The guidelines for these more serious offences provide for a sentence of up to 18 years imprisonment for offenders who played a leading role, with substantial financial advantage and who exposed victims to a high risk of death.

A sentence is reached following an assessment of culpability and harm; the level of culpability is given a category 1 to 4, and harm is listed as A, B or C. The two are then combined to provide a sentencing range and starting point. Aggravating and mitigating factors are relevant in placing the offence at the right level within that sentencing range.

The draft guidance was amended to include a reference in the levels of culpability to threats made to a victim’s family, as well as the victim. Whether the offender had been a victim of trafficking, whether previously or in the same offending as charged, is also relevant. The culpability factors reflect an expectation of substantial financial gain, and material advantage is now included.

The assessment of harm is decided upon using a table provided in the guidelines. The assessment can be assisted by expert evidence based on factual evidence from the victim, including a victim impact statement. A close examination of all particular circumstances is required, and sentencers are not to assume that the absence of evidence from those trafficked means a lack of harm or seriousness.

The Council stated that courts are used to assessing harm with differing degrees of evidence. The guidance is focussed on the central point that victims, even if not obviously traumatised, may not recognise their own victimhood or be able to offer positive evidence of it. A victim’s apparent consent to their treatment is to be treated with caution.

Section 4 of the Act is committing an offence with the intention of committing a human trafficking offence which is punishable with a maximum of ten years’ imprisonment. Those who replied to the consultation agreed with providing brief guidance on the approach to be taken on sentencing.
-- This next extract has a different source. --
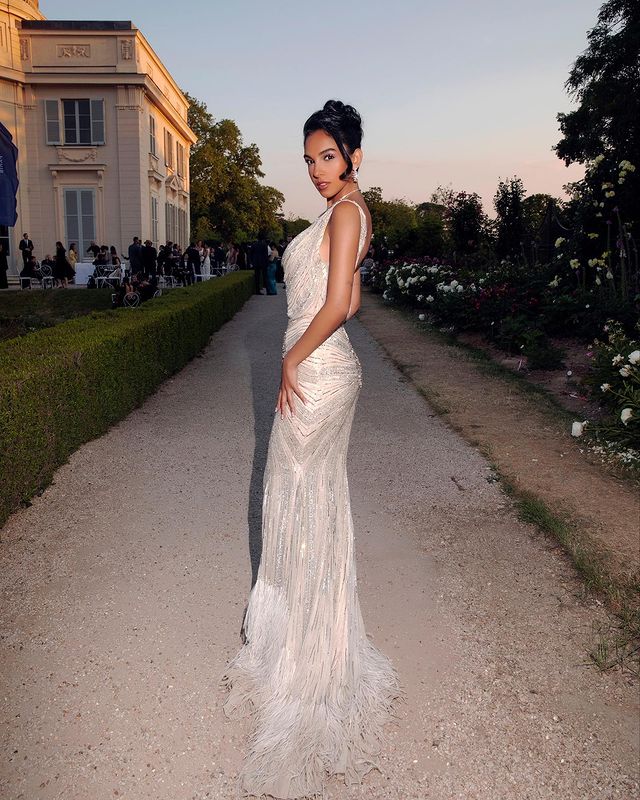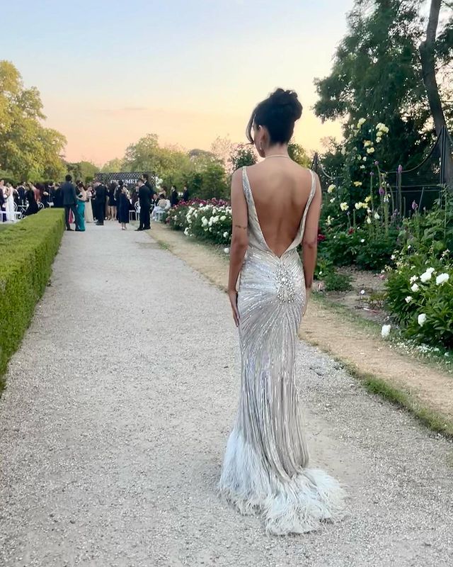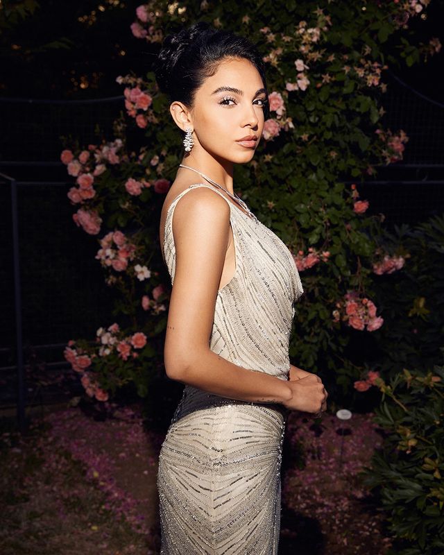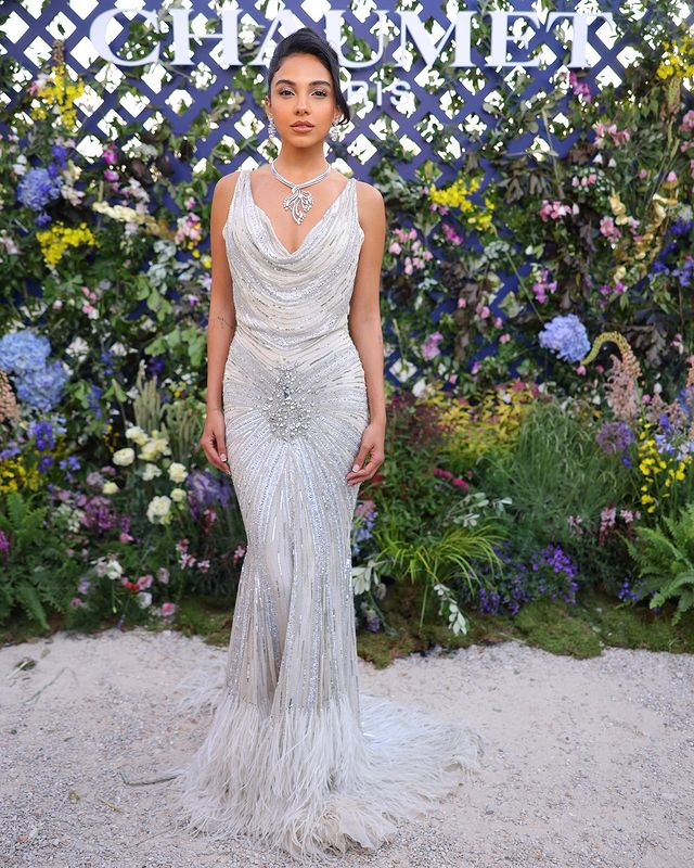 لفتت سلمي أبو ضيف الأنظار بإطلالة جذابة ومثيرة، مرتدية فستانا مجسما باللون "الأبيض" وينتمي الي قصة الv، بلا أكمام، مصمم من قماش لامع مرصع بحبات اللؤلؤ ومطرز بنقاشات مختلفة، اكملت اللوم ببعض الاكسسوارات الرقيقة، وتزينت بعقد من الألماس حول رقبتها، وحلق في أذنيها، مما أبرز جمالها وقوامها الممشوق.

This entails the sentence being commensurate with that of the primary offence, for example, kidnap or false imprisonment, with an enhancement of up to 2 years imprisonment, to reflect the intention to commit the human trafficking offence.

The offence under section 30, breach of an order, is also dealt with in the guideline by way of brief guidance. Sentencers are pointed to the guidelines for similar breaches, such as a breach of a criminal behaviour order or a sexual harm prevention order. The reasoning behind this is that breaches of the orders referred to carry the same maximum sentence and also refer to harm/risk of harm.

The Independent Anti-Slavery Commissioner responded to the consultation, pointing to the wider harms caused by modern slavery offences, such as economic harm, public safety and wider criminality. The Council did not believe there was a specific way to draw the sentencer’s attention to the wider harms. Still, it did consider they were reflected in the higher starting points and sentencing levels set out in the guideline.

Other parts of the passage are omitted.